- Court: Utah Supreme Court
- Full case name: Kansas City Wholesale Grocery Co. v. Weber Packing Corporation
- Decided: November 17, 1937
- Citations: 93 Utah 414; 73 P.2d 1272

Case history
- Prior actions: Appeal from District Court, Second District, Weber County

Court membership
- Judges sitting: William H. Folland, Ephraim Hanson, James H. Wolfe, Martin M. Larson, David W. Moffat

Case opinions
- Decision by: Folland
- Dissent: Moffat

= Kansas City Wholesale Grocery Co. v. Weber Packing Corp. =

Kansas City Wholesale Grocery Co. v. Weber Packing Corp., 93 Utah 414 (1937), was a case decided by the Supreme Court of Utah where the court modified a contract to avoid an unconscionable result.

==Facts==
On August 4, 1930, and in March, 1931 the Weber Packing Corporation delivered 303 cases of catsup to Kansas City Wholesale Grocery Co at North Ogden, Utah. In September 1931, an inspector from the Federal Food & Drug Administration examined 271, and from 18 cans determined that there was mold filament in 67 per cent, condemning it unfit for consumption. A libel case was prosecuted by the US government against Kansas City Wholesale Grocery in Kansas City leading to the 271 cases of catsup being destroyed by the United States marshal and a fine.

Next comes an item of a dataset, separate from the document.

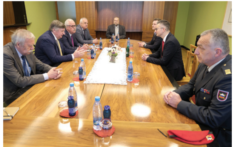
Srečanje na ministrstvu za obrambo Republike Slovenije

vsakršnim oblikam sprevačanja zgodovine, zgodovinskemu revizionizmu in manipulacijam z zgodovinskimi dejstvi za posamezne današnje politične cilje in interese ter aktivno razgaljanje novodobnih pojavnih oblik fašizma osnova delovanja obeh organizacij. Mnogo je konkretnih dejstev, ki jih moramo ohranjati kot skupni zgodovinski spomin, od solidarnosti do pomoči

The plaintiff filed a lawsuit against the packing company to recover the amount paid by it for the destroyed catsup, together with interest. The court issued a judgment on a directed verdict for the defendant. Plaintiff challenged the judgement from the district court in Weber County for the defendant to recover the purchase price of catsup for breach of an implied warranty of fitness under the sales contract.

Defendant argues several points:
1. That plaintiff is not entitled to maintain the action in the state court because they are a Missouri corporation and never qualified in compliance with Utah law to do business in the state.
2. The contract was void since it constituted doing business within the state by a nonconforming foreign corporation.
3. That the transaction did not constitute a shipment in interstate commerce, therefore the operation does not fall within the Federal Food and Drug Act
4. The delivery was made on March 1, 1931, and no claims were made until September 30, 1931, despite the contract containing a clause that all claims must be made within 10 days of receiving the goods
5. The condemnation of the catsup by the government is not binding on defendant because there was no notice of libel, no proof there is a purity standard for catsup from the Department of Agriculture, and no proof of any violation

Plaintiff argues:
1. They were not doing business in Utah, the contract of purchase was made and performed in Utah. But the order of goods and the contract of sale was signed in Kansas City, where it became a binding obligation on both parties
2. Federal law prohibits shipment in interstate commerce of any article or food which is adulterated Food and Drug Act, § 2, Title 21, § 2, U.S.C.
3. The packing corporation knew the catsup was intended for shipment in interstate commerce, placed the goods in the channels of such commerce which falls into the operation of the Federal Food and Drug Act
4. There is an implied warranty on the part of the seller that the food product would be fit for the purpose for which it was sold.
5. The limits for the time for making a claim applies to defects are patent, but not defects that are latent

==Decision==

The court held that a provision limiting time for complaints could not be applied to defects in a shipment of ketchup that could only be discerned through microscopic analysis. This case was cited in the Uniform Commercial Code as an example of the application of the principle of unconscionability. The transaction was shipped in interstate commerce, therefore was subject to Food and Drug Act.